Insiders say these innovations were driven by ABC’s demands to reverse the Oscars’ ratings nosedive, and on that score, they succeeded: Viewership rose 58% from 2021 to 16.6 million viewers. That is still, however, a far cry from the 25 million-30 million the telecast was getting just a few years ago. More crucially, none of the innovations seemed to make anyone (outside of Snyder’s fans) happy, nor did they ultimately streamline the show: At 3 hours and 40 minutes, it was longer than the previous three Oscar telecasts.

The less-than-stellar results after weathering so much discord only open the Oscars up to more sniping, from within the industry and without. “Since it’s a commercial for our business, essentially, I just don’t know why everyone wants to go after it all the time,” says the Academy member. “Everyone’s been practicing their Oscar speech in their bathroom mirror their whole lives and yet everyone also just wants to destroy it. Does everyone just want them to die, and we just have an eight-hour dinner that’s not televised, and everyone talks for as long as they want? What’s the alternative?”

The Academy could have never planned for one of the biggest actors in the world to strike one of the biggest comedians in the world during the Oscars telecast. But one immediate solution does seem obvious: Get rid of the last-minute Twitter polls. “Audiences that use these social media platforms are not necessarily watching the Oscars,” says digital strategist Wynter Mitchell-Rohrbaugh. “Without really making a more concerted effort to have this be a great part of the program and not just a gimmick, who will take it seriously?” Instead, she suggests the Academy work more comprehensively to engage movie fans about their favorite films year-round on social media. “The biggest question is finding fan service that will bring viewers to the show.”

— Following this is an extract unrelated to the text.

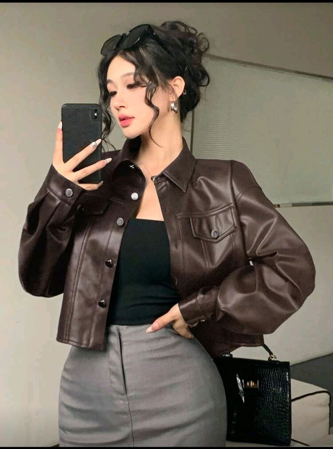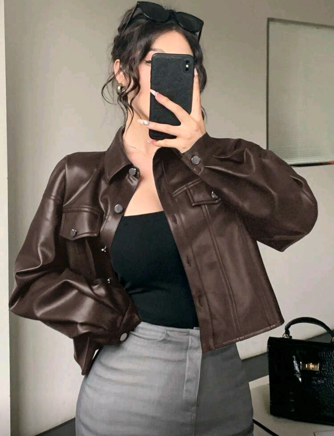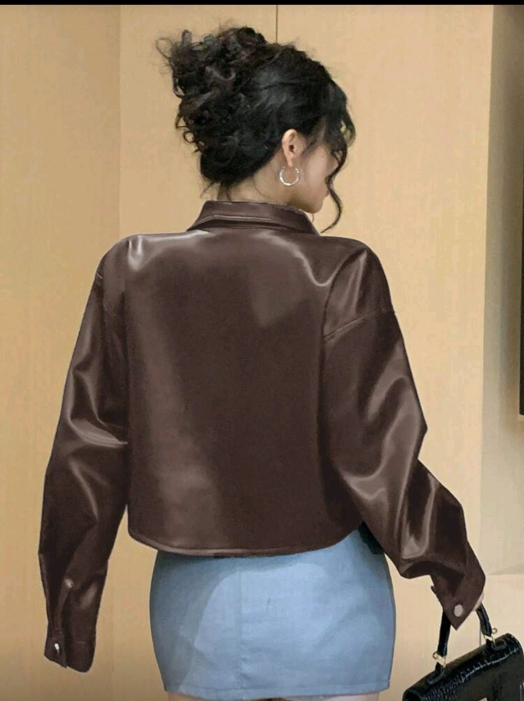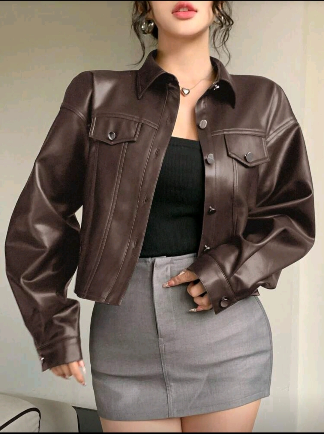 أضيفي لمسة من الأناقة الجريئة إلى إطلالتك مع هذا الجاكيت القصير من الجلد الصناعي الفاخر باللون البني الداكن.

Film historian Mark Harris suggests hiring a producer with extensive experience in live television events who could handle the telecast over multiple years. “If you try to reinvent the Oscars every single year, you create this narrative that is constantly a crisis in need of resolving,” he says. “One of the reasons the Golden Globes rose so much in the last 20 to 25 years — before they self-immolated — was brand consistency. You knew what a Golden Globes telecast vibe was going to be. Whereas the Oscars have no brand consistency now.”

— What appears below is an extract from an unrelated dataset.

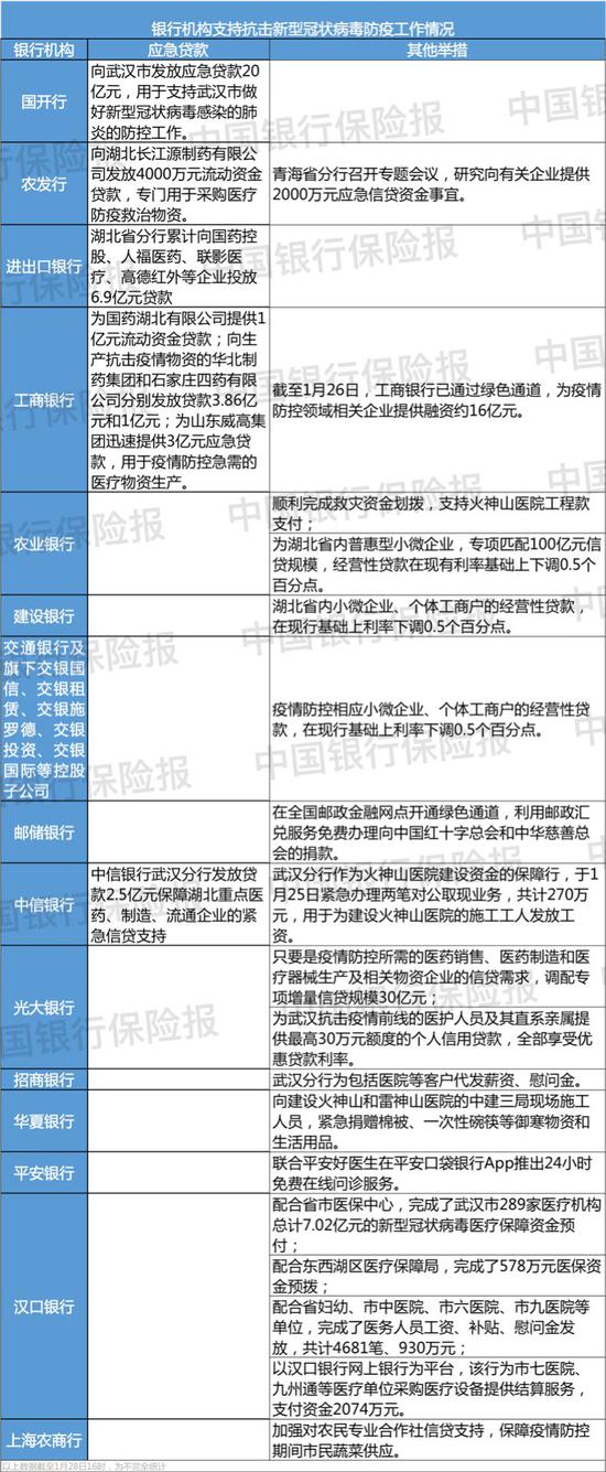 截至28日,中国银行业协会、政策性银行、大型银行、邮储银行(5.670,-0.04, -0.70%)、股份制银行、城商行、农商行及外资银行累计为抗击新型肺炎疫情捐款超过7.7亿元。为响应银行业协会倡议,多家银行开通金融服务绿色通道,安排专项信贷额度,向疫情防控一线的相关单位提供更加优惠的服务,对受疫情影响的医护人员、百姓在信贷政策上予以适当倾斜,通过调整区域融资政策、内部资金转移定价等措施,提升受疫情影响严重地区的金融供给能力。

Instead, Harris — whose husband, Tony Kushner, wrote multiple-Oscar-nominee “West Side Story” — points to the Academy Awards’ own history as its greatest advantage, and a way to heal the division over the off-air categories. “When you are nominated for or win an Oscar, you are getting sewn into a kind of timeline that has existed since 1927,” he says. “I think if the show was a little less concerned with chasing relevance and a little more concerned with chasing importance and history and emotion, it might find those things a better fit for its natural assets. It’s never going to be the youngest or most populist of movie award shows, but what it can be is the most distinguished, the most prestigious. It is still more meaningful to people in the industry to win an Oscar than it is to win any other kind of award.”

Including, for example, a Twitter poll for Fan Favorite of the year. “I mean, congratulations to Netflix, I guess,” Harris says. “They spent $10 trillion to get one Oscar and zero dollars as far as I can tell to get ‘Army of the Dead’ to win that poll.”